Spaces:

Jackken
/

hermes-bot

Running

File size: 6,745 Bytes

020c94b

#!/usr/bin/env python3
"""
Hermes 记忆知识图谱 - 基于 NetworkX 构建记忆实体关联
通过 execute_code 调用，将碎片记忆构建为关联图谱

功能：
1. 从记忆数据库提取实体（人/项目/技术/问题）
2. 建立实体间关系（使用/属于/解决/关联）
3. 支持关联查询：给出一个实体，找出所有关联实体
4. 可视化输出（文本格式）
"""

import sqlite3
import json
import os
import glob
import re
from collections import defaultdict

MEMORY_DIR = os.environ.get("HERMES_DATA_DIR", "/data/hermes/memories")


class KnowledgeGraph:
    def __init__(self):
        self.nodes = {}  # id -> {"type": str, "label": str, "count": int}
        self.edges = []  # [(source_id, target_id, relation, weight)]

    def add_entity(self, entity_id, entity_type, label):
        if entity_id not in self.nodes:
            self.nodes[entity_id] = {"type": entity_type, "label": label, "count": 0}
        self.nodes[entity_id]["count"] += 1

    def add_relation(self, source_id, target_id, relation, weight=1):
        self.edges.append((source_id, target_id, relation, weight))
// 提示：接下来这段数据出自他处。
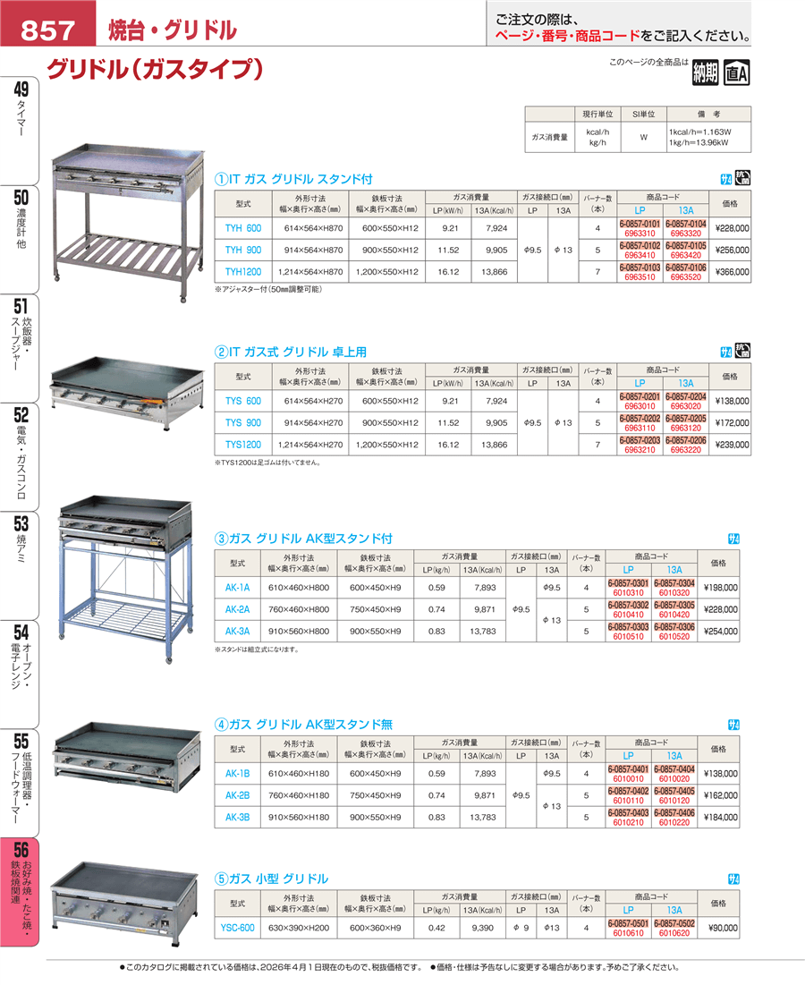 e26-6963020IT ガス式 グリドル 卓上用 TYS600 13A上代 138,000円(税抜)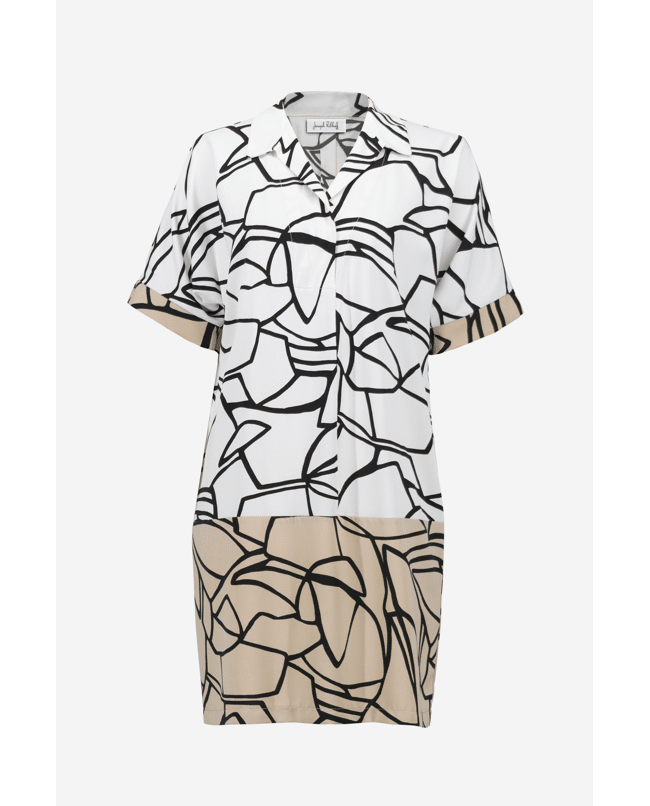 Opvallend en luchtig – perfect voor een stijlvolle zomerdag. Deze overhemdjurk van gerecycled materiaal valt soepel om het lichaam en heeft een opvallende abstracte print. De rechte pasvorm en grafische zoom geven een moderne twist aan een tijdloze klassieker. Een opvallende contrasterende zoomband zorgt voor een grafische afwerking.

    def get_related(self, entity_id, depth=1):
        """获取关联实体（BFS）"""
        visited = {entity_id}
        current = [entity_id]

        for _ in range(depth):
            next_level = []
            for s, t, r, w in self.edges:
                if s in current and t not in visited:
                    next_level.append(t)
                    visited.add(t)
                if t in current and s not in visited:
                    next_level.append(s)
                    visited.add(s)
            current = next_level

        return visited

    def to_text(self, entity_id=None):
        """文本格式输出图谱"""
        lines = []

        if entity_id:
            related = self.get_related(entity_id)
            lines.append(f"=== {entity_id} 的知识图谱 ===")
            for eid in related:
                if eid == entity_id:
                    continue
                node = self.nodes.get(eid, {})
                lines.append(f"  [{node.get('type', '?')}] {eid} (提及{node.get('count', 0)}次)")
                for s, t, r, w in self.edges:
                    if (s == entity_id and t == eid) or (t == entity_id and s == eid):
                        lines.append(f"    └─ {r}")
        else:
            lines.append("=== 知识图谱概览 ===")
            # 按类型分组
            by_type = defaultdict(list)
            for eid, info in self.nodes.items():
                by_type[info["type"]].append((eid, info["count"]))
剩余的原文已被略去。